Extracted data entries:
----
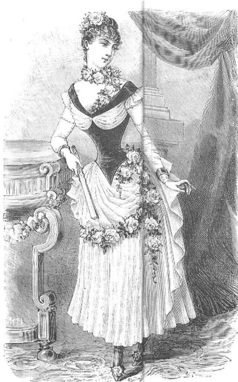
28.—Traje de baile para niñas.

Véanse las explicaciones en el recto de la Hoja-Suplemento al presente número.
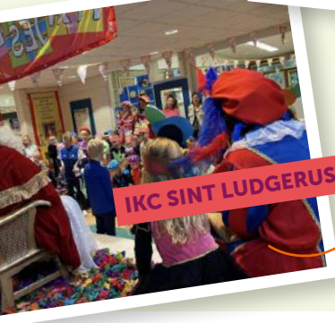
IKC SINT LUDGERUS BALK
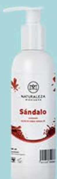
Sándalo # 90864
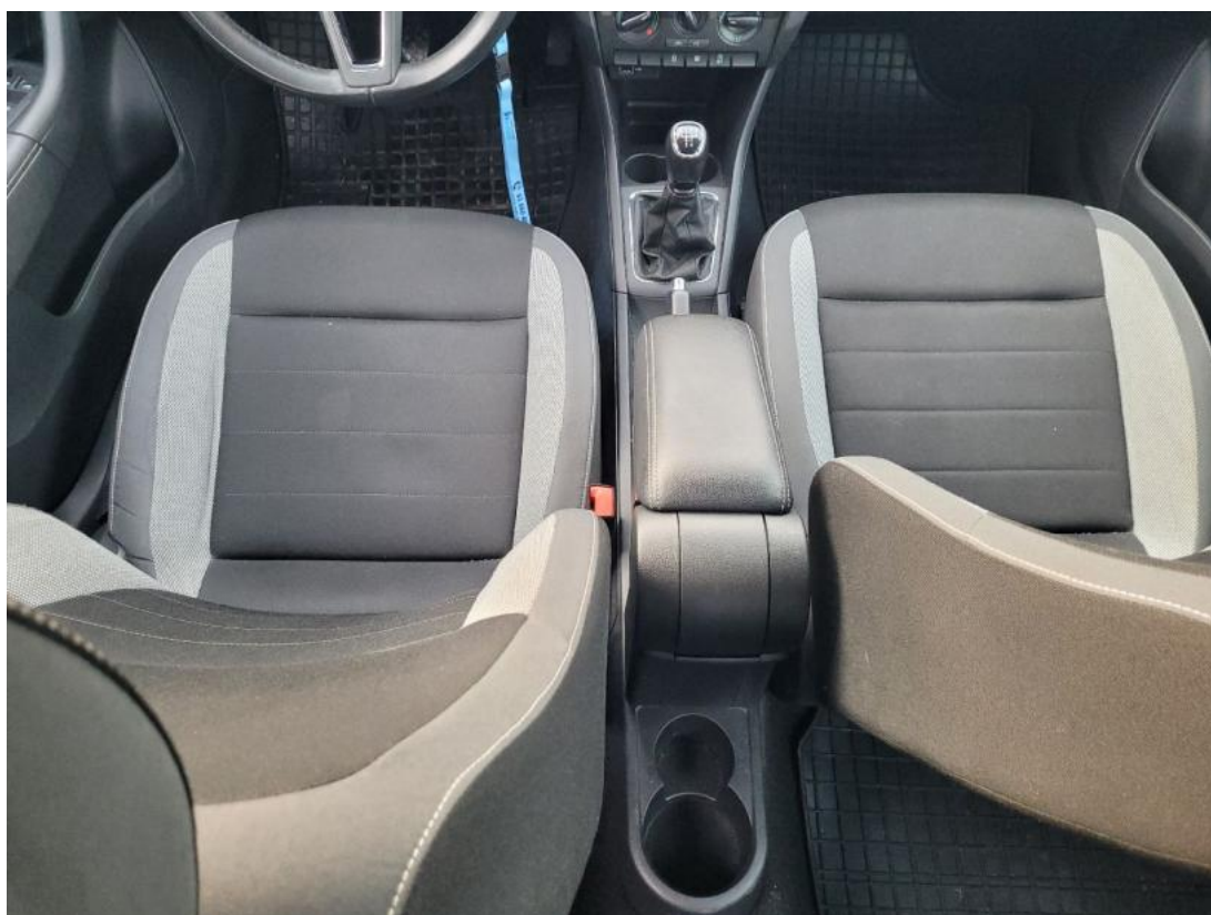
Fot. 21 Tunel środkowy
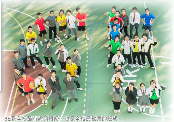
6E是全校最有趣的班級，也是全校最勤奮的班級
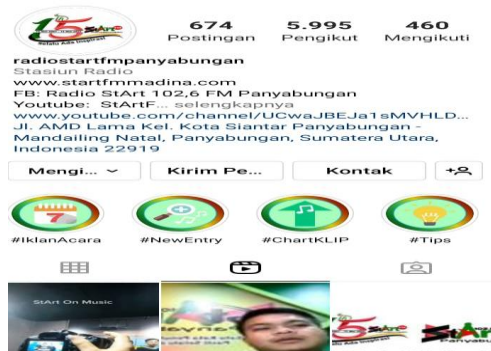
Gambar Akun Instagram Radio Start FM Panyabungan

Daya penarik massa sangat penting untuk diperhatikan karena stasiun- stasiun penyiaran mendapatkan keuntungan dengan cara semaksimal mungkin untuk menarik perhatian pendengar dengan membenahi program siaran semenarik mungkin dan sesuai dengan kebutuhan pendengar. Perbedaan minat dan minat yang disukai oleh pendengar harus diperhatikan oleh radio siaran. Sehingga semuanya dapat diakomodir dalam program yang disajikan. Untuk menarik minat pendengar harus mengikuti perkembangan teknologi karena khalayak sekarang dominan hanya menggunakan medsos dan mengikuti perkembangan yang sedang viral di kalangan masyarakat, untuk itu, radio Start FM kini terjum menggunakan daya internet tersebut dengan bergabung di media sosial yaitu, Facebook, Instagram, Youtube, Tiktok, dan memiliki berbagai event-event yang menarik untuk diikuti oleh kalangan masyarakat dari berbagai kalangan mulai remaja, dewasa dan anak-anak.
----
* _WHAT THE TASK ASKS_: Above are records with pictures. Reproduce exactly only the lines from the line with "Véanse las explicaciones" through the line with "Gambar Akun Instagram", both ends included, and leave the pictures out.

* _EXERCISE OUTPUT_:
Véanse las explicaciones en el recto de la Hoja-Suplemento al presente número.
IKC SINT LUDGERUS BALK
Sándalo # 90864
Fot. 21 Tunel środkowy
6E是全校最有趣的班級，也是全校最勤奮的班級
Gambar Akun Instagram Radio Start FM Panyabungan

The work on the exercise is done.